• ABOUT THIS EXERCISE:
Transcribe all of the data exactly. Omit the pictures.

• DATASET EXCERPT:
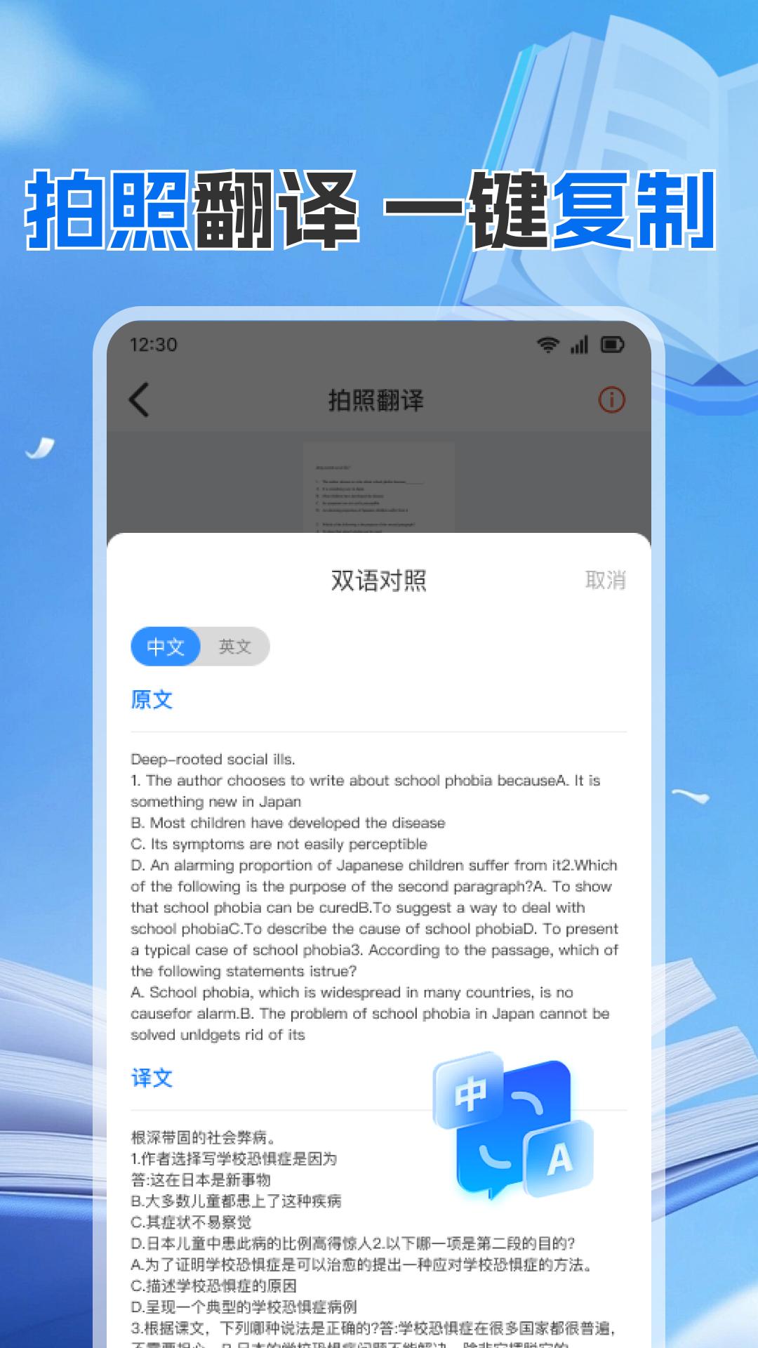 还能翻译各种英文单词、句子和课文,以后不认识的英文都可以快速翻译;
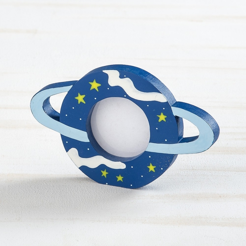 Ξύλινη διακοσμητική φωτογραφοθήκη σε σχήμα υδρόγειος σε μπλε χρώμα.
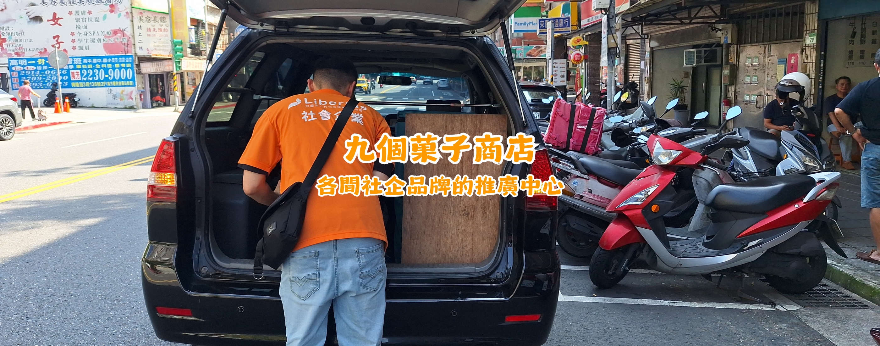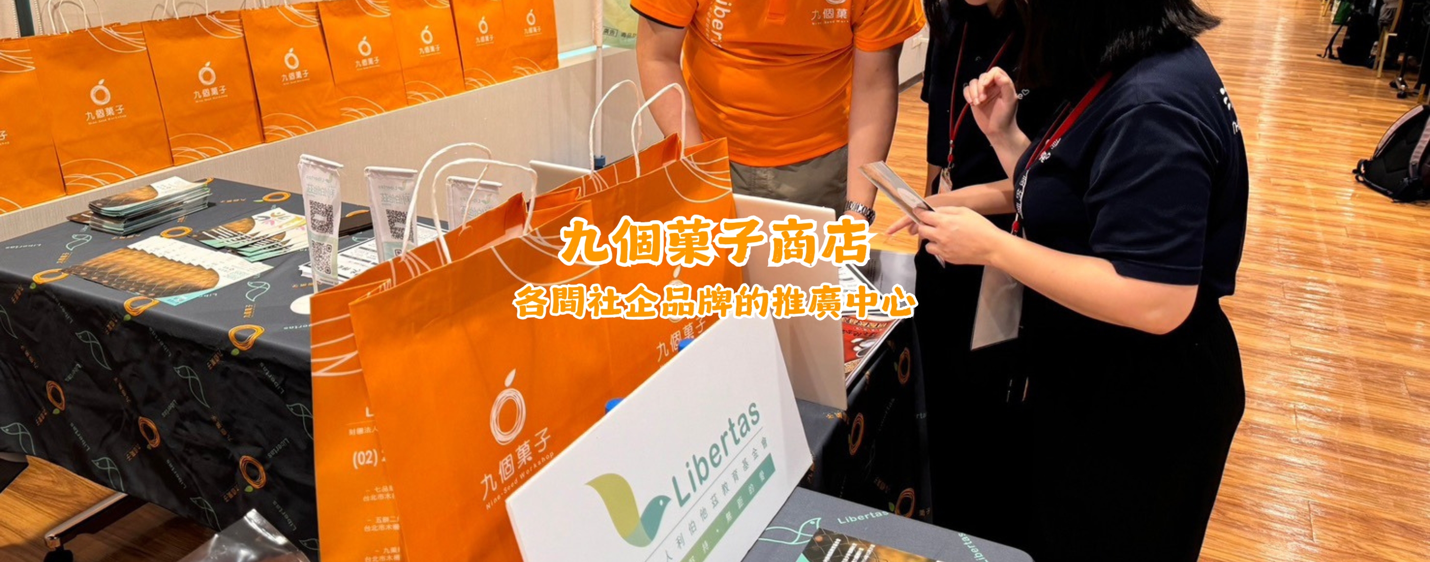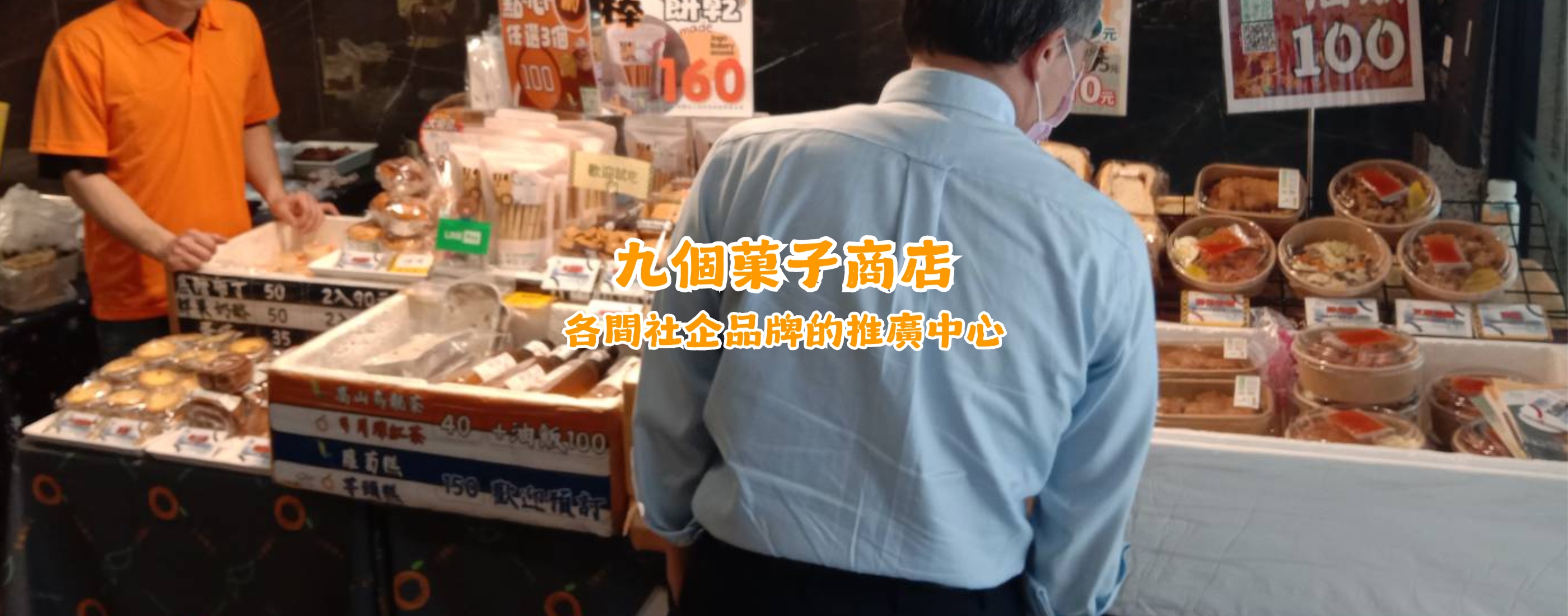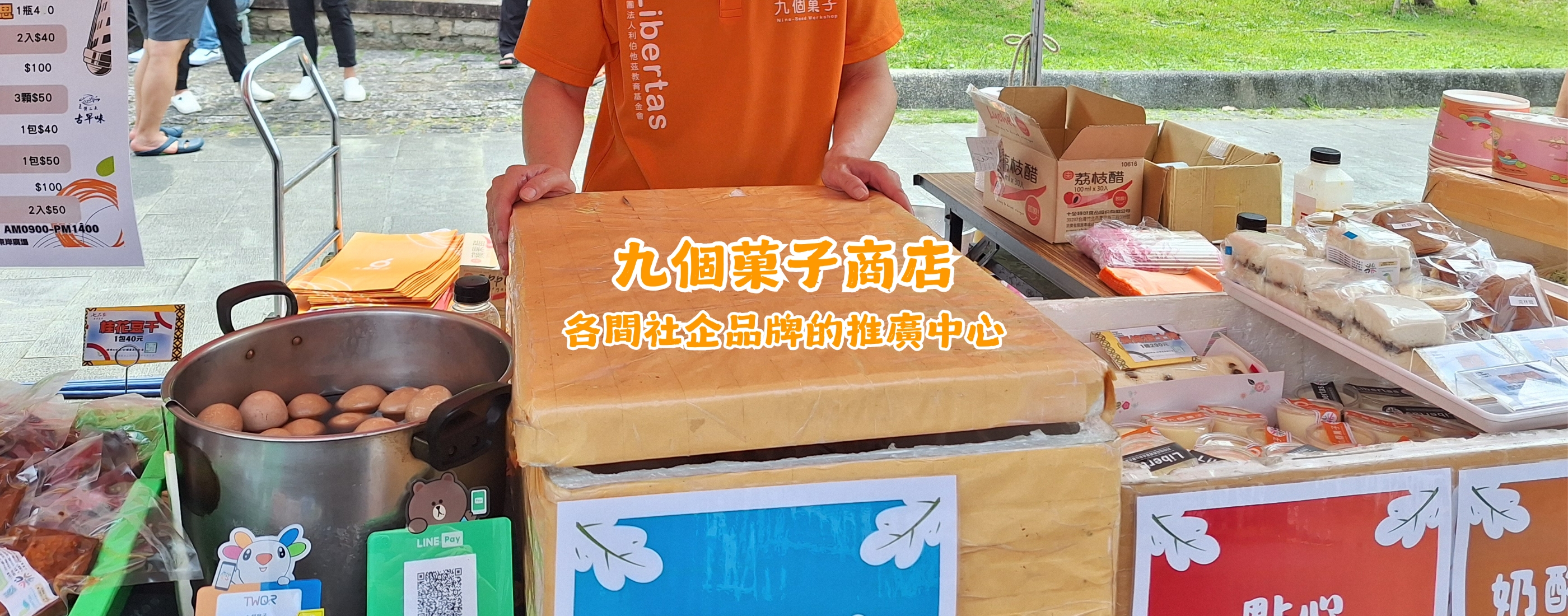 九個菓子商店以培育銷售技能為主軸,使藥癮學員能重新建立與人互動之能力,一開始九個菓子商店以販售各大監所的產品為主,如今已慢慢轉型為利伯他茲各間社會企業的品牌推廣中心,負責透過線上或線下管道銷售每間社企的產品。

• RESULT OF THIS TASK:
 还能翻译各种英文单词、句子和课文,以后不认识的英文都可以快速翻译;
 Ξύλινη διακοσμητική φωτογραφοθήκη σε σχήμα υδρόγειος σε μπλε χρώμα.
 九個菓子商店以培育銷售技能為主軸,使藥癮學員能重新建立與人互動之能力,一開始九個菓子商店以販售各大監所的產品為主,如今已慢慢轉型為利伯他茲各間社會企業的品牌推廣中心,負責透過線上或線下管道銷售每間社企的產品。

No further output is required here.